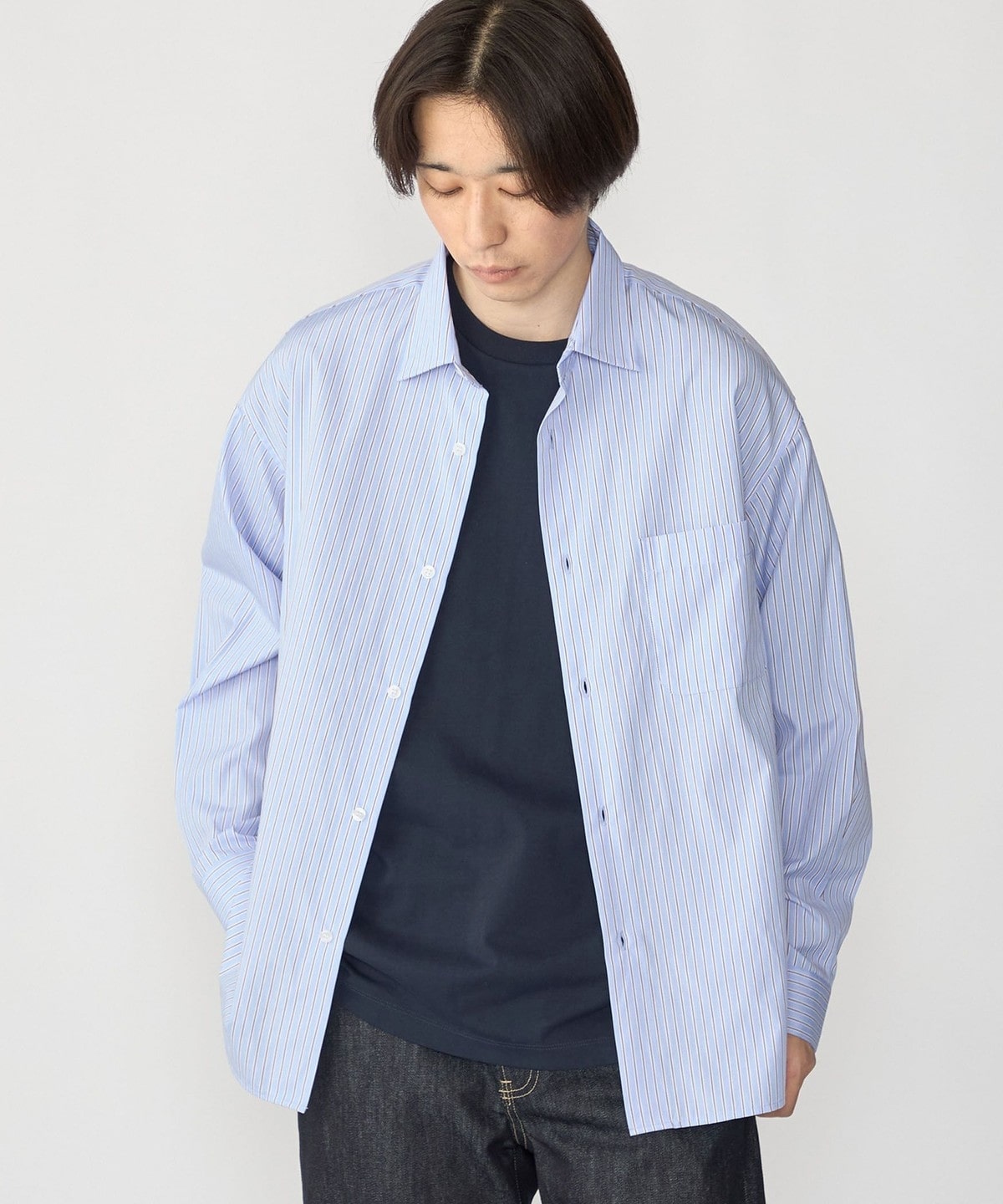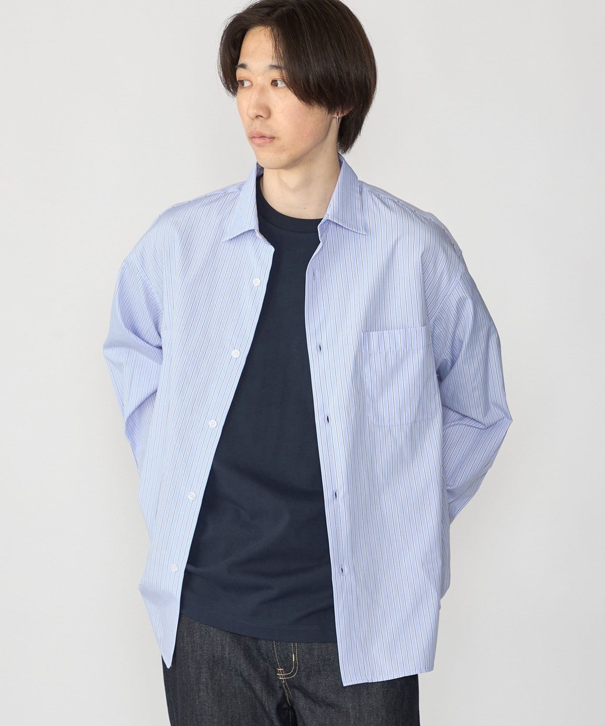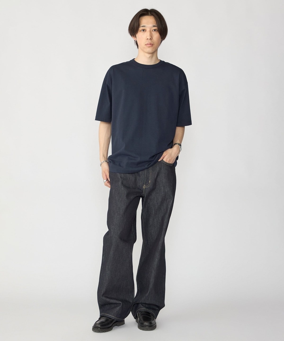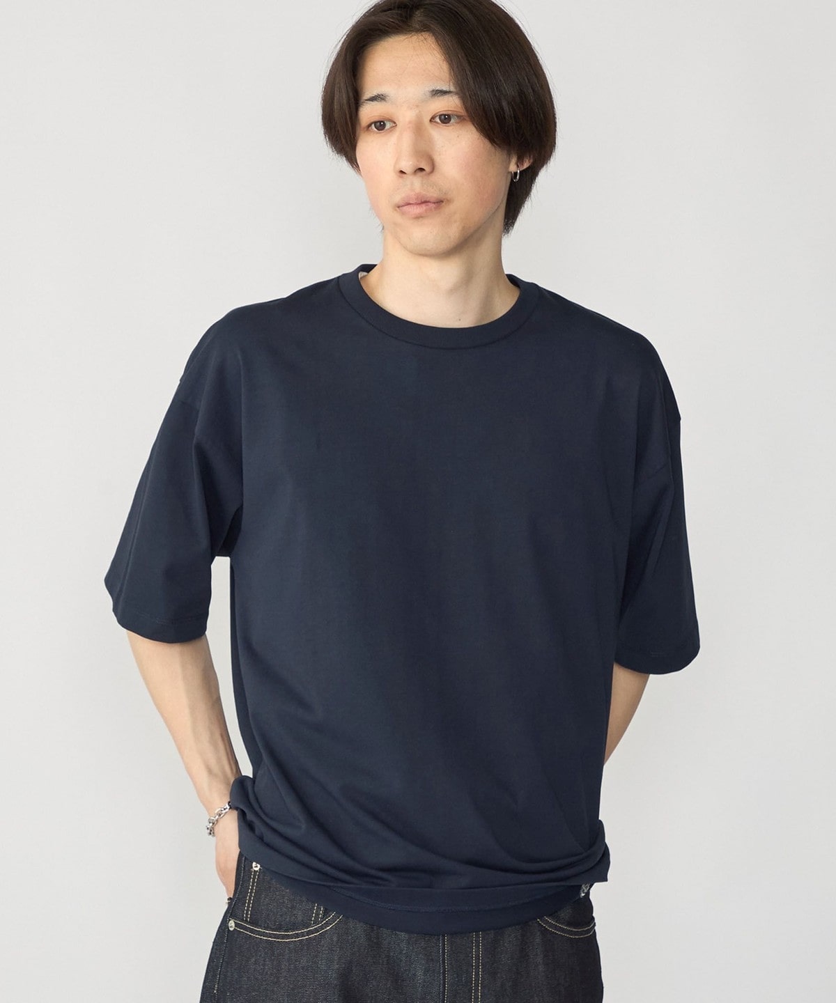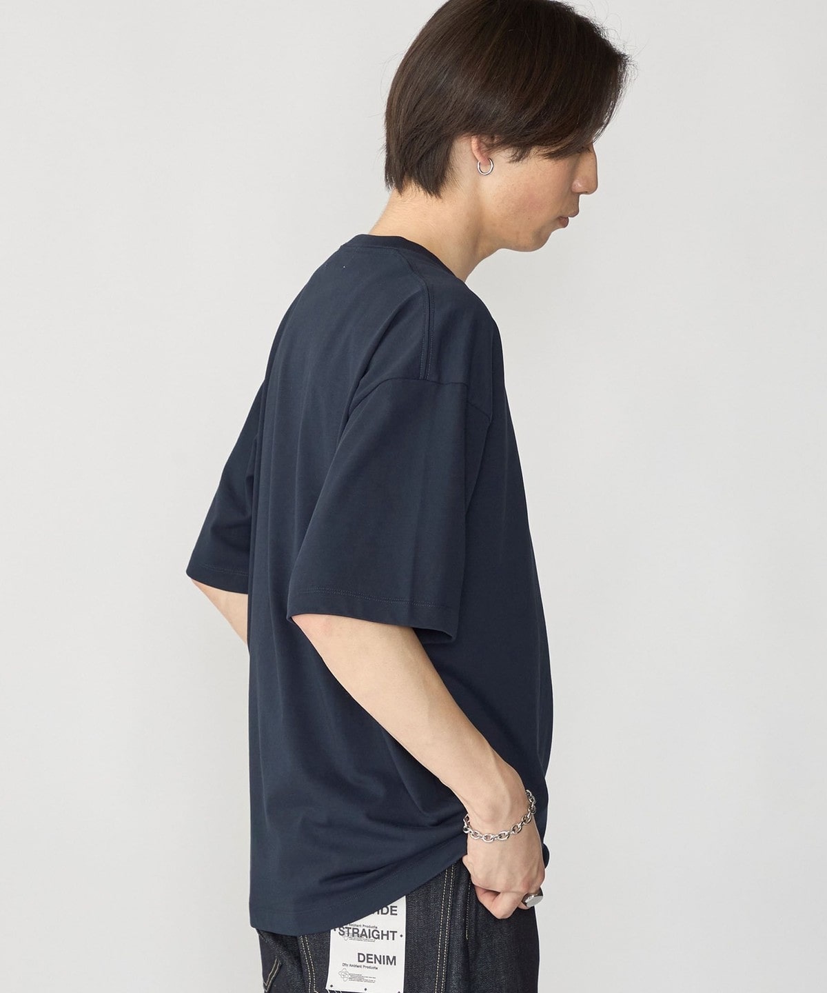 全体的にオーバーサイズですが、着丈は長くし過ぎず着用しやすいシルエットを追求しました。
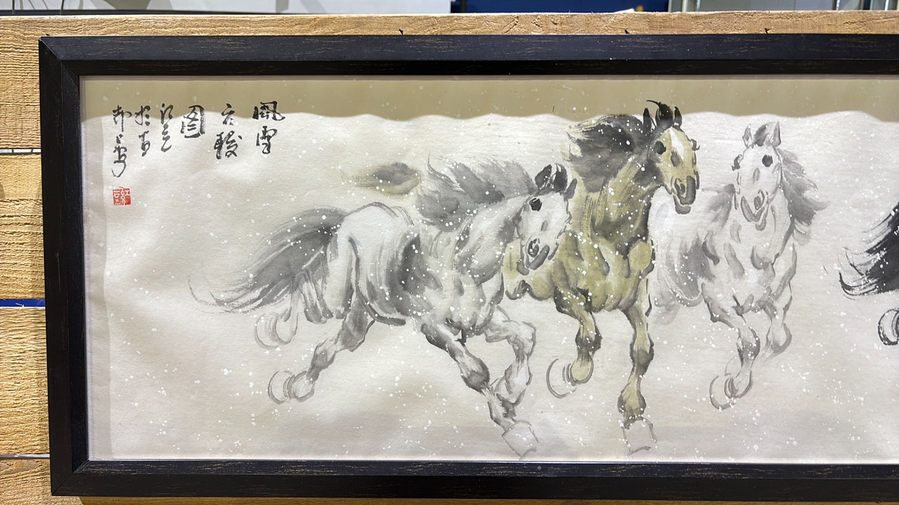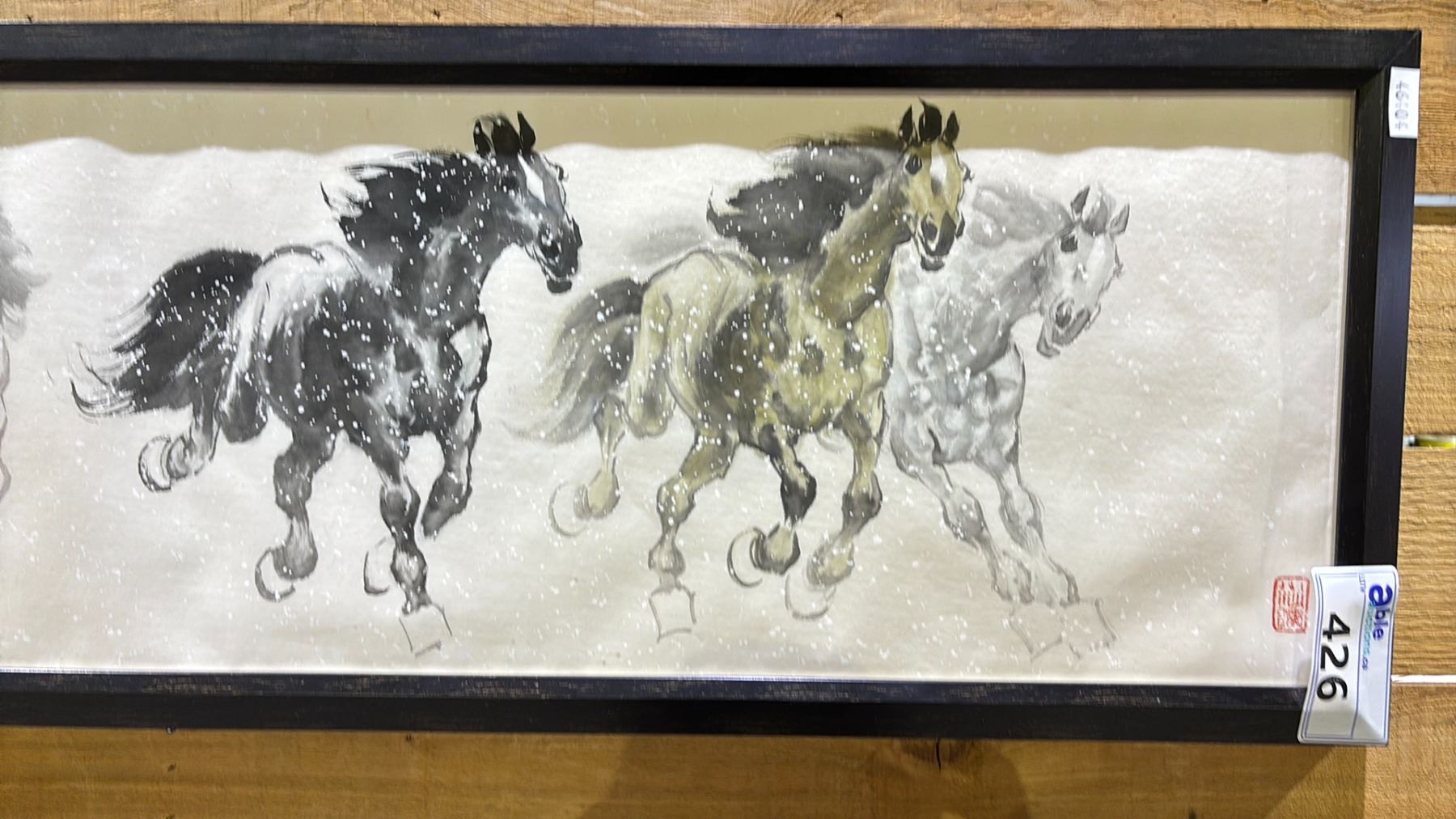 SIGNED FRAMED RUNNING HORSES 56" X 16"
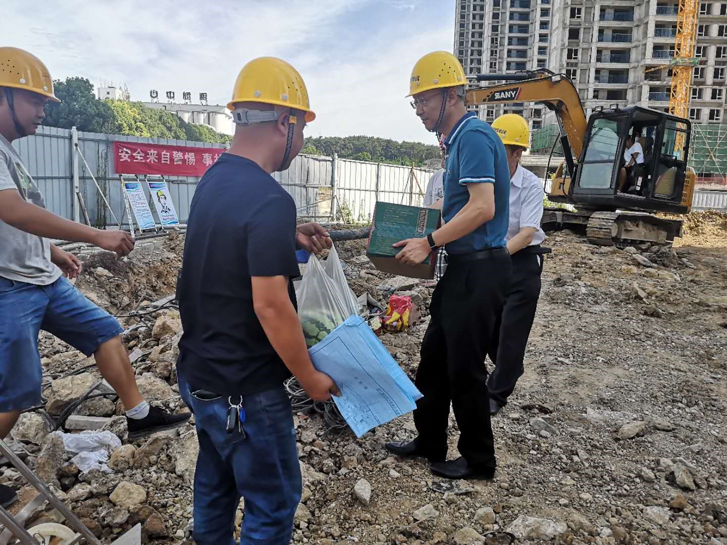 炎炎夏日,驕陽似火。連日來我市高溫黃色預(yù)警信號(hào)持續(xù)拉響,這給在建給排水工程項(xiàng)目施工和供水生產(chǎn)帶來諸多不便和困難。為切實(shí)做好防暑降溫工作,確保夏季高溫安全生產(chǎn),8月7日上午,市供水總公司黨委書記、總經(jīng)理陳永根帶領(lǐng)公司黨委班子成員,分別到“誠愛佳苑”戶表安裝項(xiàng)目、長興大道管網(wǎng)改造工程等在建施工工地現(xiàn)場,慰問在高溫酷暑中堅(jiān)守崗位、辛勤勞動(dòng)的一線工人,為他們帶去西瓜、礦泉水等防暑降溫物品。
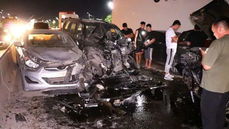 По его словам, перед ним резко затормозил автомобиль, поэтому, избегая столкновения, он вырулил на полосу встречного движения и на полном ходу протаранил движущийся навстречу автомобиль Toyota Prado.
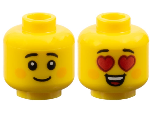 Minifigure, Head Dual Sided Child Black Small Eyebrows, Bright Light Orange Circles on Cheeks, Grin / Red Heart Eyes and Open Mouth Smile with Top Teeth and Tongue Pattern
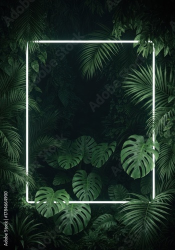 © Lemdah, Fototapeta premium Neon frame in jungle foliage
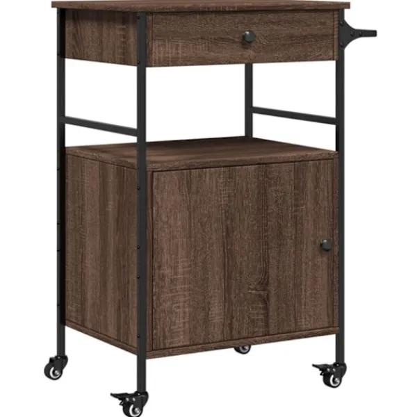 - Gott om förvaringsutrymme: Denna grönsaksvagn har gott om förvaringsutrymme för att hålla mat, skålar, tallrikar, recept och andra köksredskap inom räckhåll. Handdukshyllan på sidan är lämplig för att förvara dina handdukar nära till hands.
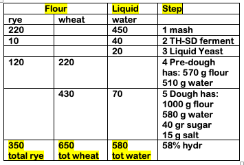- 120 gr TH-SD starter (24g rye grains, 96g water)
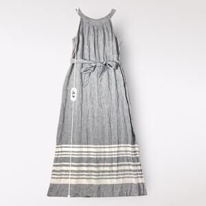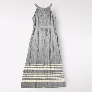Talbots Stripe Linen Chambray Belted Maxi Dress Size 10 Preppy Coastal
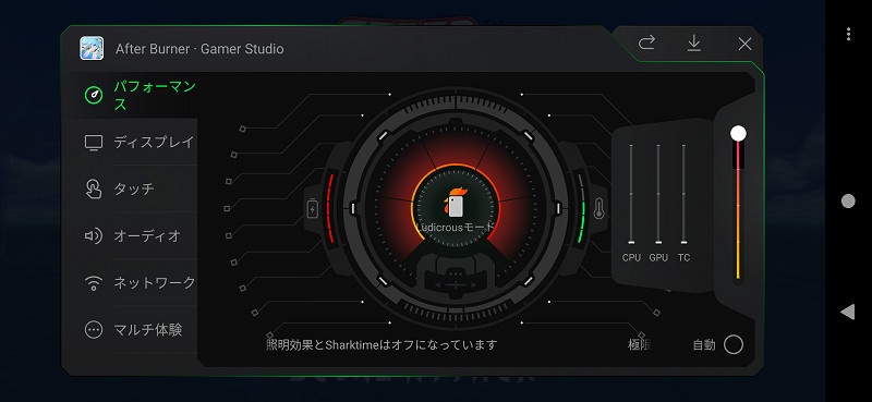 ゲームアプリの動作に関するパフォーマンスの設定では「極限モード」が設定可能。バッテリーの消耗が大きくなるものの、CPUのコアを全力でフル稼働させ、本体内の温度制限も止めるまさに「フルブースト状態」でゲームアプリを稼働させることができます。
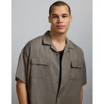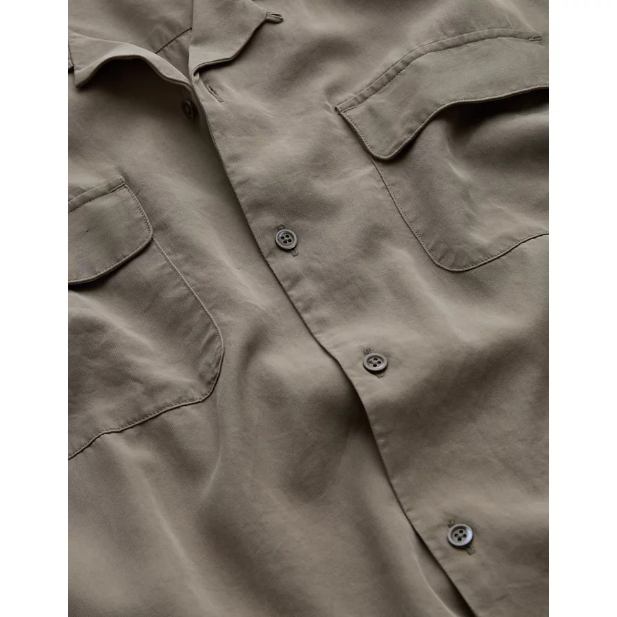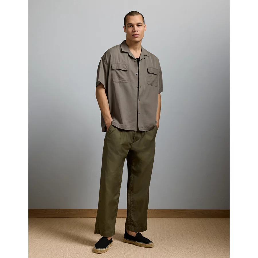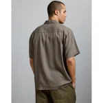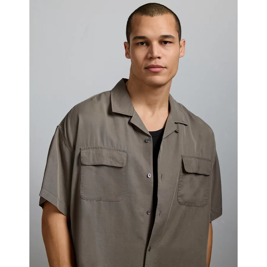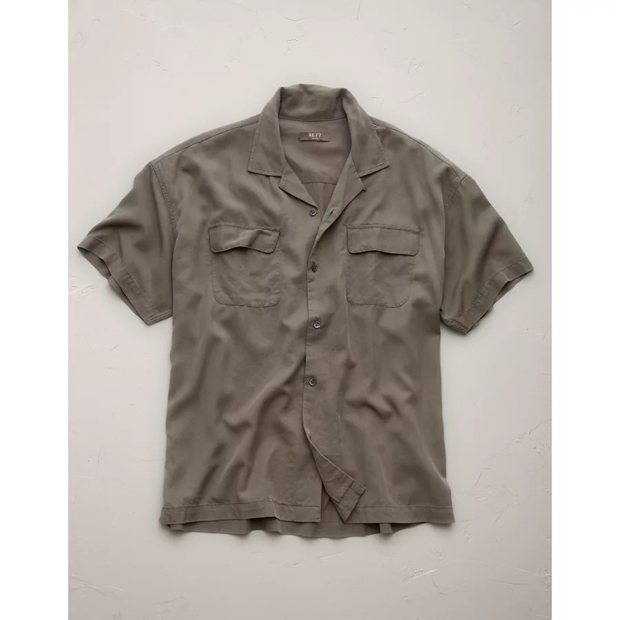AE77 Premium Relaxed Short-Sleeve Button-Up Shirt - Khaki
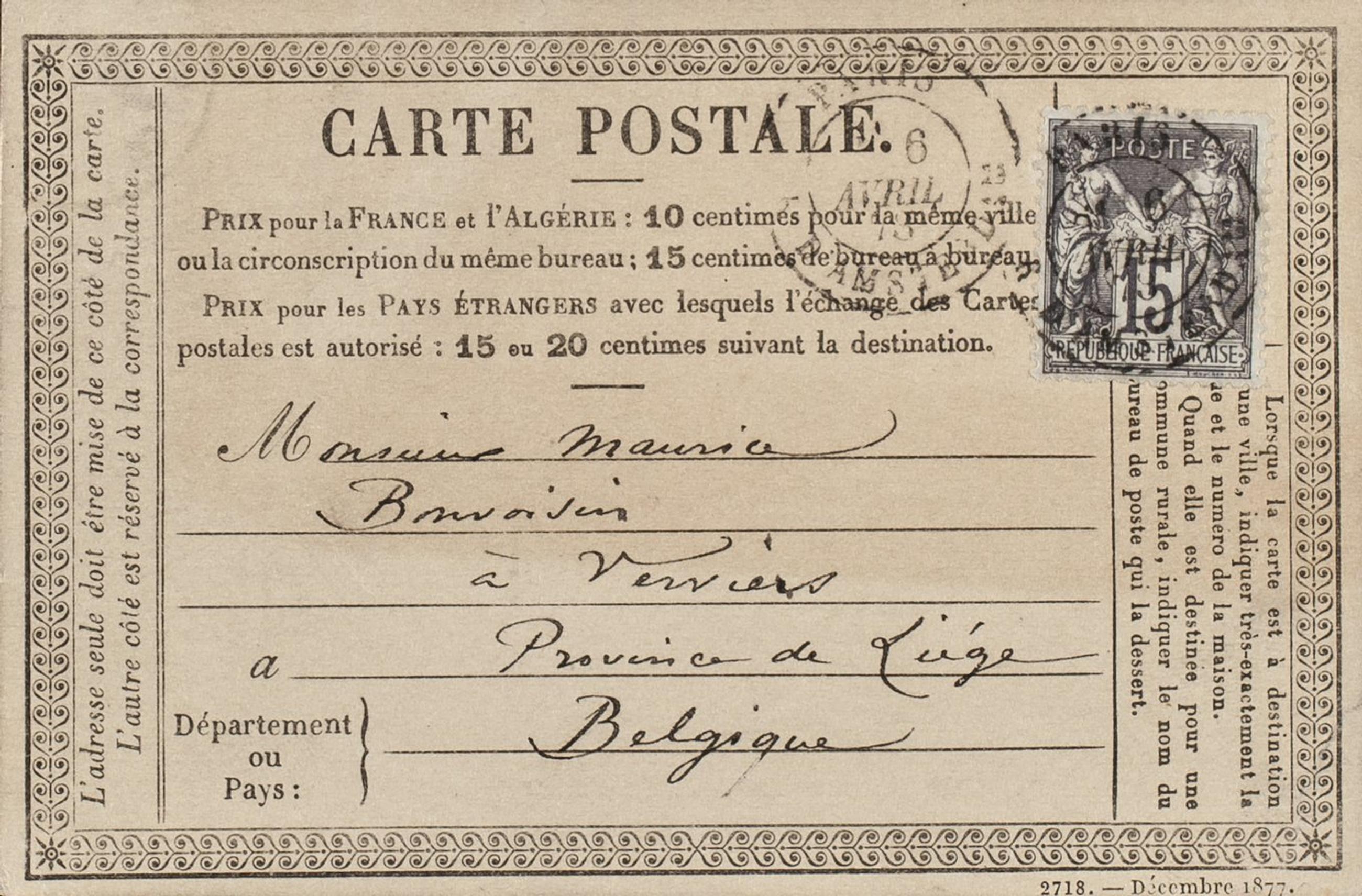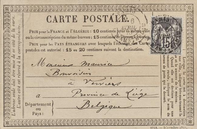 Monsieur Maurice Bonvoisinà Verviers Province de LiégeBelgique Page 1 Verso : 2

:::

AIM OF THE TASK:
Would you set down the entries exactly as given, minus their pictures?

YOUR RESPONSE:
 全体的にオーバーサイズですが、着丈は長くし過ぎず着用しやすいシルエットを追求しました。
 SIGNED FRAMED RUNNING HORSES 56" X 16"
 炎炎夏日,驕陽似火。連日來我市高溫黃色預(yù)警信號(hào)持續(xù)拉響,這給在建給排水工程項(xiàng)目施工和供水生產(chǎn)帶來諸多不便和困難。為切實(shí)做好防暑降溫工作,確保夏季高溫安全生產(chǎn),8月7日上午,市供水總公司黨委書記、總經(jīng)理陳永根帶領(lǐng)公司黨委班子成員,分別到“誠愛佳苑”戶表安裝項(xiàng)目、長興大道管網(wǎng)改造工程等在建施工工地現(xiàn)場,慰問在高溫酷暑中堅(jiān)守崗位、辛勤勞動(dòng)的一線工人,為他們帶去西瓜、礦泉水等防暑降溫物品。
 По его словам, перед ним резко затормозил автомобиль, поэтому, избегая столкновения, он вырулил на полосу встречного движения и на полном ходу протаранил движущийся навстречу автомобиль Toyota Prado.
 Minifigure, Head Dual Sided Child Black Small Eyebrows, Bright Light Orange Circles on Cheeks, Grin / Red Heart Eyes and Open Mouth Smile with Top Teeth and Tongue Pattern
 © Lemdah, Fototapeta premium Neon frame in jungle foliage
 - Gott om förvaringsutrymme: Denna grönsaksvagn har gott om förvaringsutrymme för att hålla mat, skålar, tallrikar, recept och andra köksredskap inom räckhåll. Handdukshyllan på sidan är lämplig för att förvara dina handdukar nära till hands.
- 120 gr TH-SD starter (24g rye grains, 96g water)
Talbots Stripe Linen Chambray Belted Maxi Dress Size 10 Preppy Coastal
 ゲームアプリの動作に関するパフォーマンスの設定では「極限モード」が設定可能。バッテリーの消耗が大きくなるものの、CPUのコアを全力でフル稼働させ、本体内の温度制限も止めるまさに「フルブースト状態」でゲームアプリを稼働させることができます。
AE77 Premium Relaxed Short-Sleeve Button-Up Shirt - Khaki
 Monsieur Maurice Bonvoisinà Verviers Province de LiégeBelgique Page 1 Verso : 2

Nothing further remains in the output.